Пораженный этой выходкой и устыдясь моего совершенного неведения в том, что мистер Пикок считал первым основанием знания, я наклонил голову и опустил глаза.
– Это хорошо, – продолжал мистер Пикок, ласковее прежнего: – в вас есть невинный стыд молодости. Это подает надежды на будущее. «Смирение есть лестница его молодого честолюбия,» говорит Лебедь. Взойдите на первую ступень и познаете вист, – «с начала по шести пенсов очко.

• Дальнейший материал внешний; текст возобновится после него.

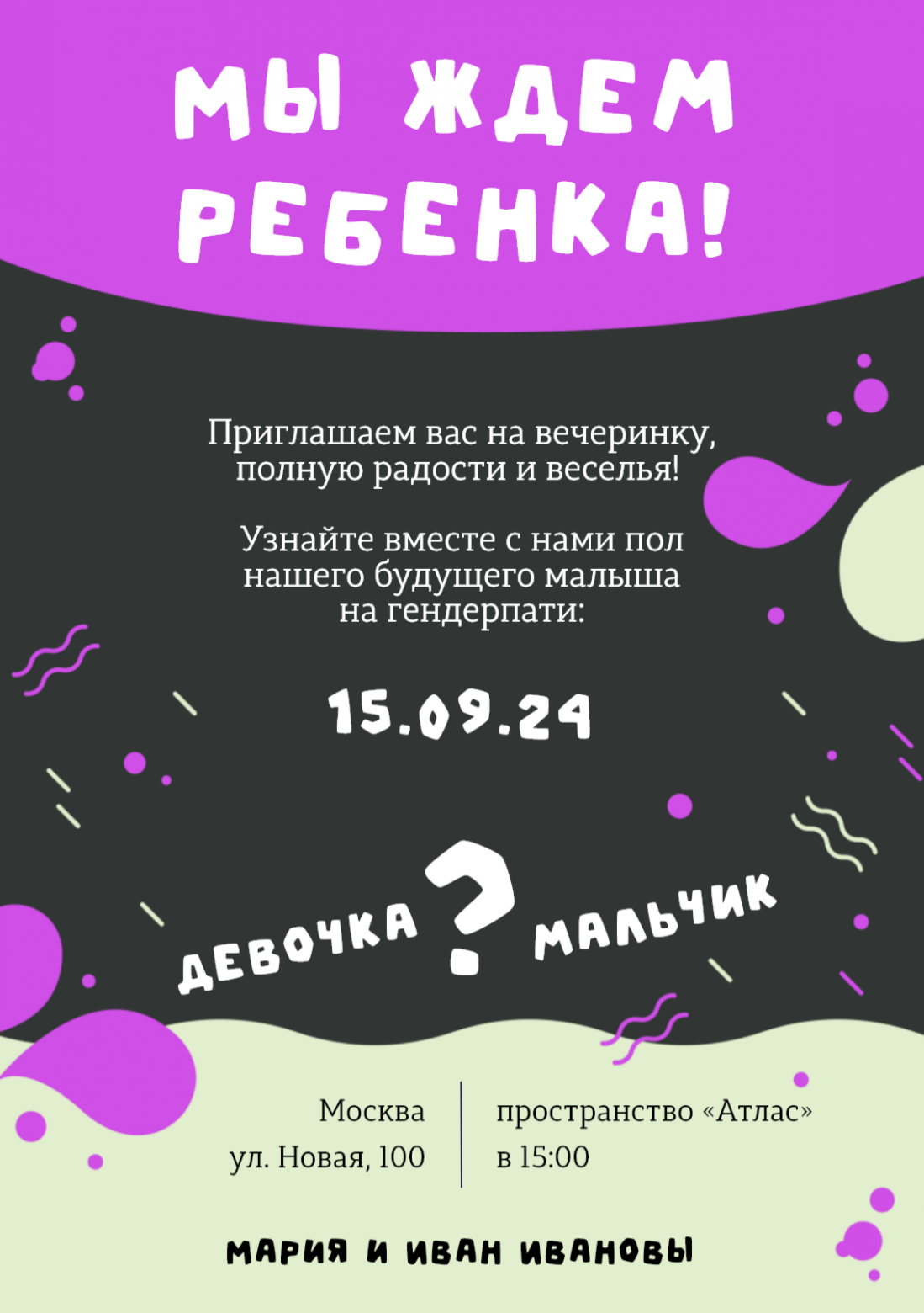 Приглашение на гендер-пати – это не просто формальность, а важный элемент создания атмосферы ожидания и предвкушения радостного события. Это ваш шанс поделиться волнением с близкими и друзьями, пригласив их разделить с вами момент открытия пола вашего будущего ребенка.
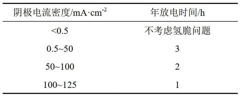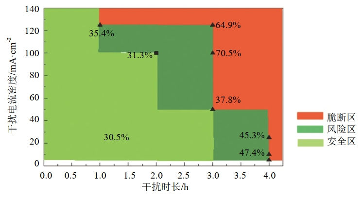 獲得高壓直流干擾電參數、環(huán)境因素等對氫脆的影響規律,確定放電時(shí)不同電流密度下,接地極年放電時(shí)間的限制,形成高壓直流干擾氫脆控制安全邊界(表 2、圖 2),當干擾時(shí)長(cháng)和干擾電流位于圖譜紅色區間時(shí),X80鋼具有氫脆風(fēng)險。
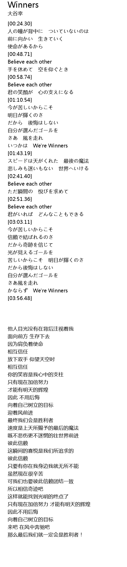| [03:50.70] | かならず We're Winners |
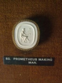 | Description / विवरण | An Etruscan scarab. It shows Prometheus making man, he is sitting, and a drape cloth is also seen over his body, in profile. The skeleton in front posture. A thin high relief border. Oval shape. Framed. Fine relief work in POP, small cast from British Museum. |
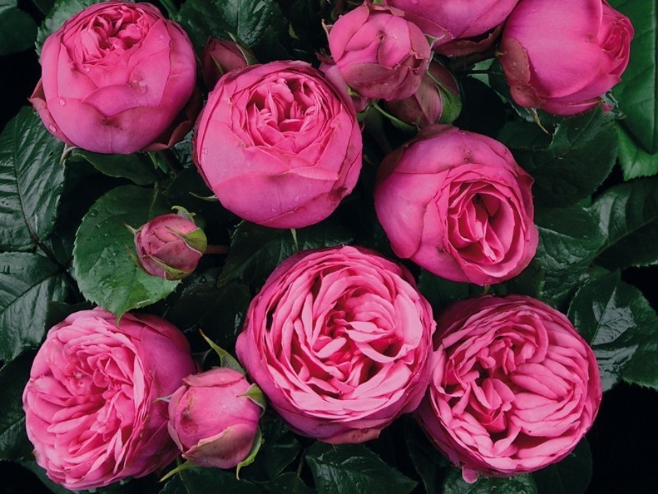 Бутоны розовых оттенков. Цветки средних размеров (6-8 см в диаметре), ярко-розовые, пионовидные, в полураскрытом виде шарообразные, а в распущенном состоянии – чашевидные, с большим количеством красиво оформленных лепесточков классической конфигурации. Тип цветков густомахровый. Растут они одиночно и в соцветиях. Количество цветков на одном стебле – 1-5 штук. Аромат по интенсивности слабый, но устойчивый, с тонким, пикантным малиновым оттенком, достигающий своего максимума в полуденное время. В срезке могут стоять длительное время.

Не смотря на мою неопытность в деле практической жизни, я имел счастье узнать кое-что об открывавшемся передо мной поприще из руководителей, столько раз оклеветанных, которые зовут романами, или повестями, – сочинения, в отношении к внутреннему миру, имеющие значение географических карт для внешнего. Мне внезапно пришло на ум несколько воспоминаний из Жиль-Блаза и Векфильдского Священника. Я не имел желания идти по стопам достойного Моисея и чувствовал, что в сношениях с этим новым мистером Дженкинсоном, я даже не мог бы похвалиться шагреневыми очками. Потому, покачав головой, я спросил счет. Когда я вынул кошелек, связанный мне моею матерью, содержавший одну золотую и несколько серебряных монет, я заметил, что глаза мистера Пикока засверкали.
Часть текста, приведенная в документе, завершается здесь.